Shrouded in legends, the Moeraki Boulders are a South Island natural tourist attraction en route from Oamaru to Dunedin.
The Moeraki Boulders are rock formations, round in shape, and lie on Koekohe Beach in northern Otago. They look like otherworldly spheres of rock that were cut in half and arbitrarily placed on the beach. Many show lines and cracks that make them resemble turtle shells. In fact, you will overhear other visitors discussing many a theory regarding the origin of the boulders as you stroll along the beach. Some suggest they landed there after a volcanic explosion, others refer to them as dinosaur eggs or even go as far as claiming they have something to do with aliens.
The scientific explanation behind the boulders, albeit less glamorous, is nonetheless quite fascinating: the rocks are the product of sediments that accumulated at the bottom of the sea over 60 million years ago. Over time, coastal erosion revealed what scientists call septarian concretions. Quite a fancy name.
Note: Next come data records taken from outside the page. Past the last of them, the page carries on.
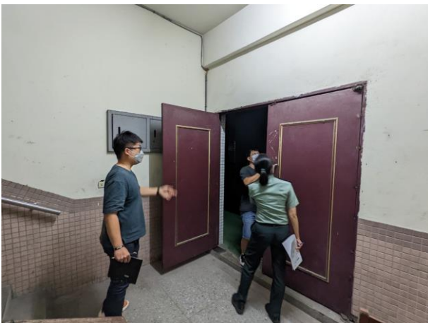
學務、總務、教官室場地現勘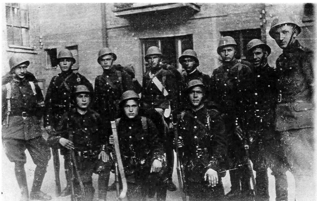
Службовці 115 шуцбатальйону у бойовому спорядженні, Київ, 1942 р.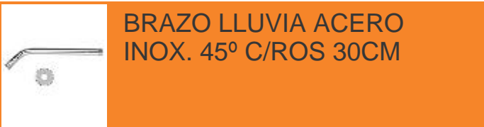
BRAZO LLUVIA ACERO INOX. 45° C/ROS 30CM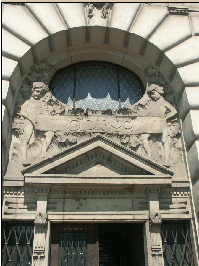
pískovcová výzdoba plochy v oblouku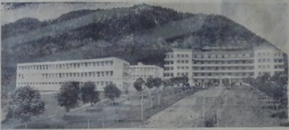
Spitalul și nava policlinică din Piatra Neamț.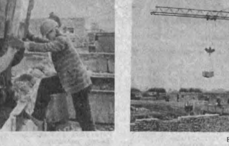
Е. БОТИР олган суратлар.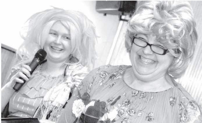
Неунывающие Нутелла и Зепка.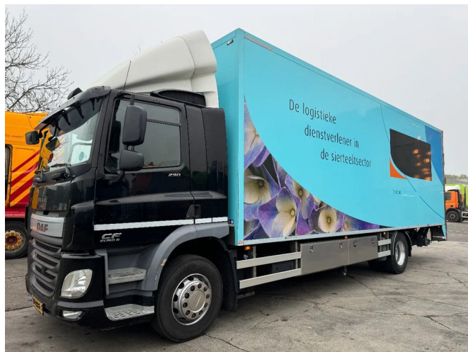
DAF CF 290 4X2 - EURO 6 + HEATING SYSTEM + BÄR CA...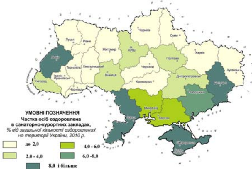
Рис. 2. Санаторно-курортні заклади України.

дохідної частини бюджету: за результатами 2011 р. дохід району перевищує видаткову частину на 2255 тис. грн. (шостий показник з-поміж адміністративних одиниць області) [9, с. 29]. Аналогічна картина спостерігається й в інших туристичних й рекреаційно-оздоровчих центрах області — м. Моршин, м. Трускавець, за винятком м. Львова, де по-сьогодні туризм відіграє другорядну роль у формуванні наповнення бюджету.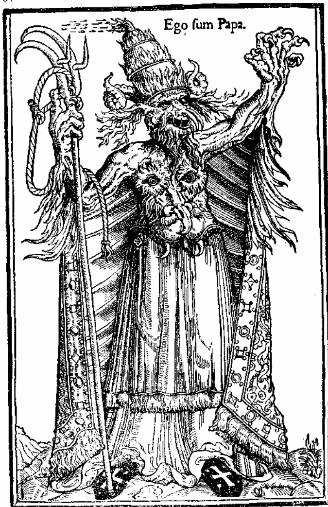
«Я — папа». Фришбургская иерархия конца XV в., на папу Александра VI

992 г. было отмечено, что даже в Риме среди духовенства трудно найти человека, который владел бы начатками знаний. В Испании во времена Карла Великого из тысячи священников едва ли один мог написать приветственное письмо».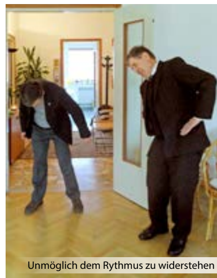
Unmöglich dem Rythmus zu widerstehen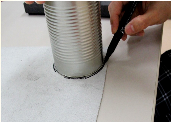
① 革に印をつけて切る。

In this magical atmosphere, it almost sounds like an incantation.
The legend of Araiteuru
But, more importantly, a Maori legend surrounds these mystical spheres on the South Island’s east coast. Maori legends tell of a great migration, when their ancestors travelled from their homeland of Hawaiki to Aotearoa in over 40 large wakas (canoes).
Araiteuru, a famous canoe on a journey to find precious pounamu (greenstone), fell victim to a storm near Matakaea (Shag Point) and sank. The legend says the hull of the canoe became the reef, the kumara (sweet potato) it carried turned into stones and the round food baskets and water-carrying gourds transformed into the Te Kaihinaki, the Moeraki Boulders, forever petrified on Koekohe Beach.
No matter what theory around the Moeraki Boulders you subscribe to, you will find them a worthy stop on your road trip. Try to visit at sunrise for some spectacular nature photography!
How to get there
The boulders are on Koekohe Beach, right off SH1, between Oamaru and Dunedin. There’s a car park with a cafe and souvenir shop; just follow the path that leads down to the beach.